Shadow social care minister Barbara Keeley said the changes would fail to plug the widening funding gap in social care.

The Chancellor also announced a moderate rise in the Better Care Fund to support integration so that local authorities can access “an extra £1.5bn by 2019-20”. The BCF provides financial support for councils and NHS organisations to jointly plan and deliver local services

The combined effect would mean by the end of the Parliament social care spending will have risen in real terms, he said.

Critics said any promised money was simply recycled from elsewhere in the NHS budget and that councils will be free to ignore the policy.

Professor Martin Green, Chief Executive of Care England, which represents independent care providers, said: “The increase in Better Care Fund will not reach the independent care sector, because there is no evidence it has so far. A lot of this is just recycled cash already in the NHS and local authorities. The notion that the money will be for front line services is a myth.

“And not all councils will increase tax by two per cent, so what happens when they don’t? We live in a system where local authorities are not monitored by anybody. They are a law unto themselves. The Chancellor’s announcements do not provide the funding social care needs.”

Case study: ‘£3.50  extra won’t help’

Andrew Lebbon, 36, is a carer at Teignbridge Council in Devon.

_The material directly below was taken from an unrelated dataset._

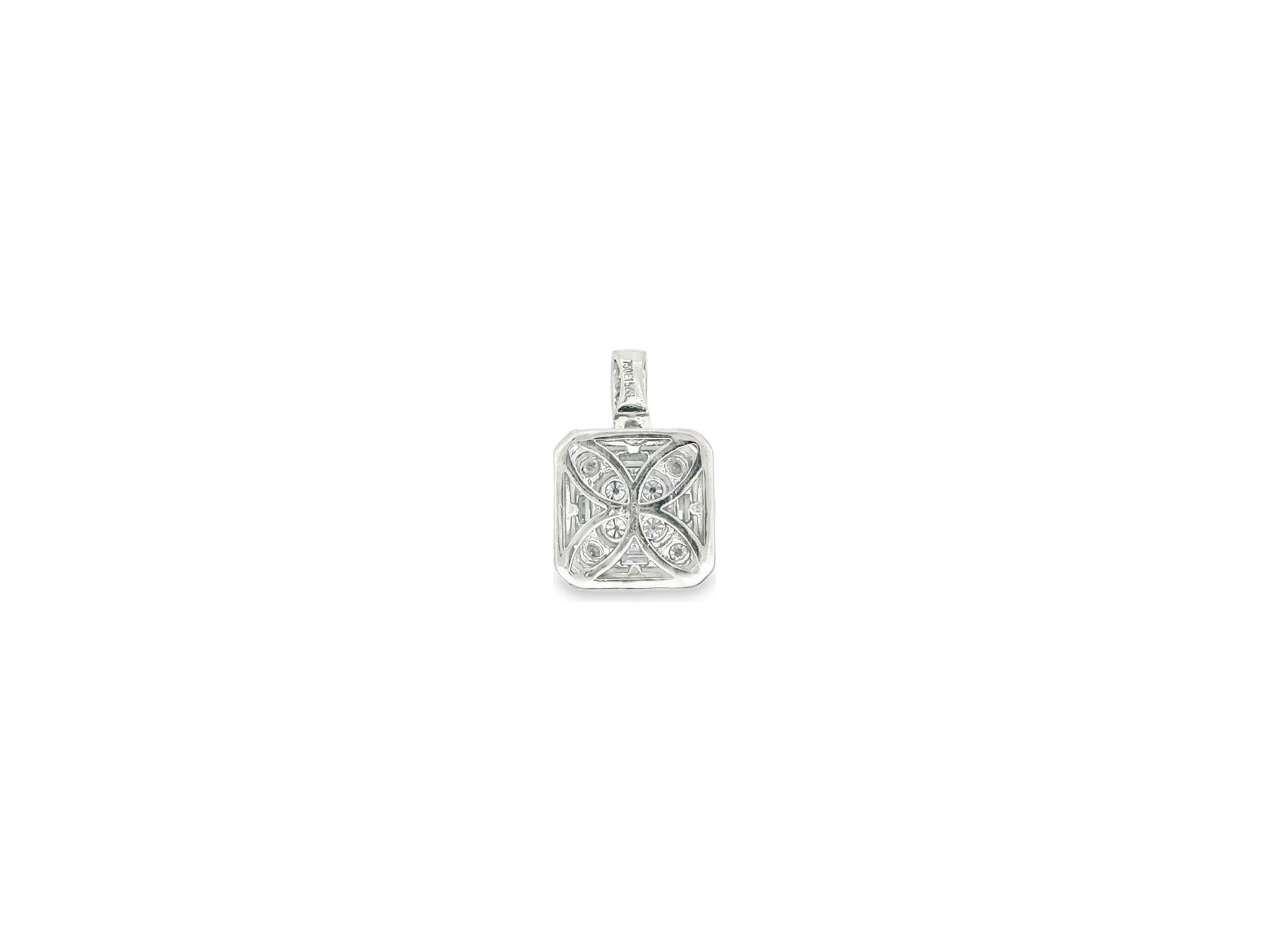 18K White Gold Square Pendant with Natural Round and Baguette Diamonds in Geometric Halo Design
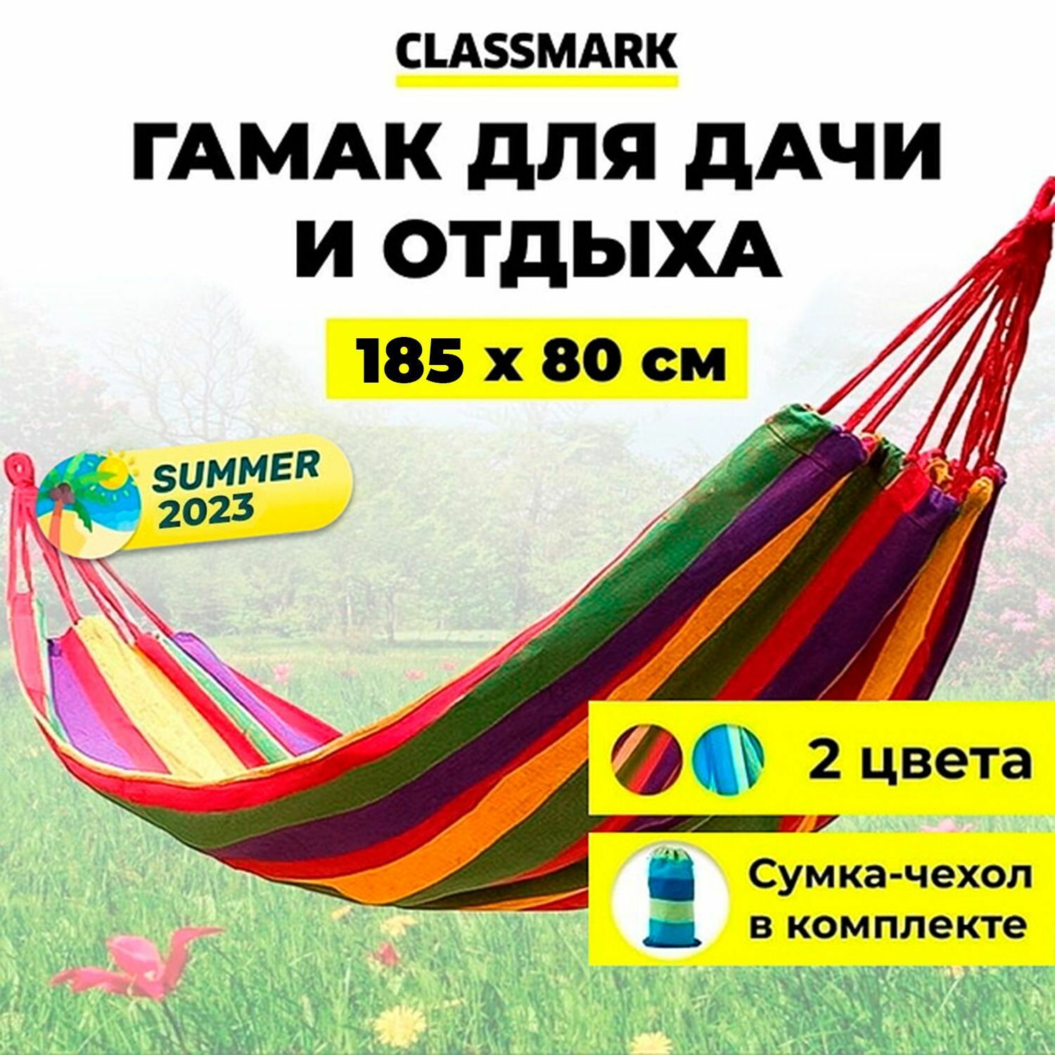 Гамак для дачи Classmark, 185х80, подвесной, уличный, туристический, домашний для похода, туризма, отдыха и кемпинга, для взрослых и детей

He lives in Teignmouth with his partner and daughter.

I thought there would be a U-turn on cutting tax credits from George Osborne simply because of the huge social pressure on him, but I expected more provisions and allowances for social care from the statement. In the NHS problems like bed-blocking are still huge because the lack of funding for social care forces the elderly to go to hospitals.

I care for my elderly mother who is partially blind after a cataract operation but she also lives in a private care home. The additional £3.35 Osborne announced she will receive per week won’t really help much with the weekly service charge she pays. She’s worried about losing her benefits allowance because she struggles to attend all the appointments with advisers that she’s required to go to. 

Having worked in care for the elderly since I left school at 16, I’ve seen the decline. Before, money wasn’t so tight and there were a lot more staff who were able to give each patient care and attention. But now staff numbers are so stretched you can’t really get to know the patients... you don’t build the same sort of relationship with them any more.